# Zanderfilet Preis????????



## ex-elbangler (11. Februar 2005)

Ich hab da mal ne Frage.

Was kostet das Zanderfilet bei euch, wenn ihr welches kauft??????

Ich hab welches angeboten bekommen 750gramm = 13,95euro

Würde mich interessieren ob das ein guter Preis ist, mein gefühl sagt ja. ist es.

Bin mal gespannt.


----------



## Dietmar B. (11. Februar 2005)

*AW: Zanderfilet Preis????????*

Hi,

der Verkauf von geangelten Fischen ist in Deutschland verboten und stellt einen Straftatbestand dar. Steht auch so in deinen Papieren, wenn nicht dort, dann in deinem Fischereigesetz. Ich würde jeden anzeigen, der Fische angelt, um diese zu verkaufen.

Dietmar


----------



## Mac Gill (11. Februar 2005)

*AW: Zanderfilet Preis????????*

Selbstgefangener Zander ist immer leckererer :q

Wobei ich da mit diesem Preis nicht hinkomme!! (Equipment, Boot, Treibstoff, Tackle, Zeit, etc.)


----------



## SchwalmAngler (11. Februar 2005)

*AW: Zanderfilet Preis????????*

Ich denke doch mal er meint bestimmt den Ladenpreis.
Da ich aber kein radikaler C&Rler bin der seine Fische wieder zurück wirft um sich den Fisch dann im Laden zu kaufen angel ich mir meine Zanderfilets lieber selber. :q:q:q


----------



## Fischbox (11. Februar 2005)

*AW: Zanderfilet Preis????????*

Moin |wavey: 

Der Preis ist für Zanderfilet m.E. ganz normal, aber sorichtig viel Ahnung habe ich davon auch nicht, da ich mein Zanderfilet selber fange und das ist um einiges teurer wenn man das hochrechnen würde (mache ich natürlich nicht #6 ).



			
				Dietmar B. schrieb:
			
		

> Hi,
> 
> der Verkauf von geangelten Fischen ist in Deutschland verboten und stellt einen Straftatbestand dar. Steht auch so in deinen Papieren, wenn nicht dort, dann in deinem Fischereigesetz. Ich würde jeden anzeigen, der Fische angelt, um diese zu verkaufen.
> 
> Dietmar




Was hat denn diese Antwort mit der Frage zu tun? |kopfkrat


----------



## Locke (11. Februar 2005)

*AW: Zanderfilet Preis????????*

Kaufe zwar kein Zanderfilet, angel das auch lieber selber.
Aber zur Info, gehe ich gerne an Fischtheken vorbei, da wurde das Kilo Zanderfilet schon für 22 € verkauft!

Gruss Locke


----------



## ex-elbangler (11. Februar 2005)

*AW: Zanderfilet Preis????????*

@ Dietmar B
Fischereigesetz,Papiere was ist das?

War ein Scherz....

Ich meinte natürlich den Ladenpreis..


----------



## bolli (11. Februar 2005)

*AW: Zanderfilet Preis????????*

Hi,

wenn mich mein Gedächtnis nicht täuscht ist hier € 17,90/Kilo ein gängiger Ladenpreis. 

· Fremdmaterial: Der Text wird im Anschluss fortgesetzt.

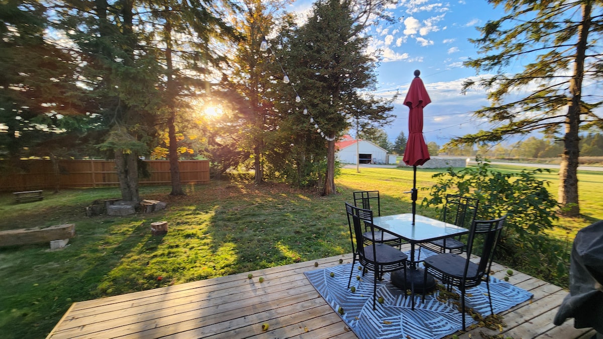 OPEN TIMESLOTS MARCH 24 (1 night/2 days) MARCH 27-30 (3 nights/4 days) APRIL 1 (1 night/2 days) Please mark this listing as a favourite to get notifications of last minute deals. Unwind at our cozy guest house. Beautiful 2-bedroom cottage. Enjoy the direct waterfront views from the living room, bedroom and wrap around composite deck. Outdoor fire pit and BBQ. Set in vineyards, peach, nectarine and plums. Close to wineries & shops. Free Tesla charging. Views from the cottage include: Lake

Zu 100% kann ich es aber nicht sagen, da ich wie meine Vorposter Selbstversorger bin


----------



## MichaelB (11. Februar 2005)

*AW: Zanderfilet Preis????????*

Moin,

der letzte Preis, den ich an der Ladentheke sah, war 19€ oder so.

Da ich bislang zu doof zum selber fangen war/bin, habe ich mir vom actor die Filets geschnorrt  

Gruß
Michael


----------



## theactor (11. Februar 2005)

*AW: Zanderfilet Preis????????*

HI,

@MB: #6 :q Das werden wir dieses Jahr aber ändern, nä!  

Ich denke, so um die 20€/kg ist mehr oder weniger "normal"(-sauteuer).


|wavey:


----------



## ex-elbangler (11. Februar 2005)

*AW: Zanderfilet Preis????????*

@MB
ich bin auch ein wenig zu doof zum selberfangen und Zander is ja so lecker.


----------



## Coasthunter (11. Februar 2005)

*AW: Zanderfilet Preis????????*



			
				Dietmar B. schrieb:
			
		

> Hi,
> 
> der Verkauf von geangelten Fischen ist in Deutschland verboten und stellt einen Straftatbestand dar. Steht auch so in deinen Papieren, wenn nicht dort, dann in deinem Fischereigesetz. Ich würde jeden anzeigen, der Fische angelt, um diese zu verkaufen.
> 
> Dietmar


 
Oder besser erschießen?!?! :q 

Tolle Antwort auf eine ganz normale Frage.|kopfkrat 

Gruß
Coasthunter


----------



## Fischkoopp (11. Februar 2005)

*AW: Zanderfilet Preis????????*

@ all

Hier kostet das Kilo z.Z. 21,95 €, würde ich nie ausgeben|gr: .
Selbstgefangener Zander schmeckt einfach besser.


----------



## Knobbes (12. Februar 2005)

*AW: Zanderfilet Preis????????*

@ex-elbangler,
es kommt darauf an, wo du es beziehst, wenn du es von der Nordsee kaufst, ist es im Verhälniss immer teurer.
Bei einer Fischzucht direkt ist es dagegen günstiger.
Ich tricks da dann immer etwas und sage ich bin Wiederverkäufer im Gastgwerbe und dann kannst du da so einiges sparen.
Weiss jetz nicht meht so genau, aber ich meine der Zanderfiletpreis war dann pro Kilo 11-13 Euro.
Probier es einfach mal aus.
Gruss knobbes


----------



## ex-elbangler (12. Februar 2005)

*AW: Zanderfilet Preis????????*

Vielen Dank für eure Antworten, jetzt hab ich eine Vorstellung und weiss das, das was ich angeboten bekommen habe ein normaler Preis ist.

Danke


----------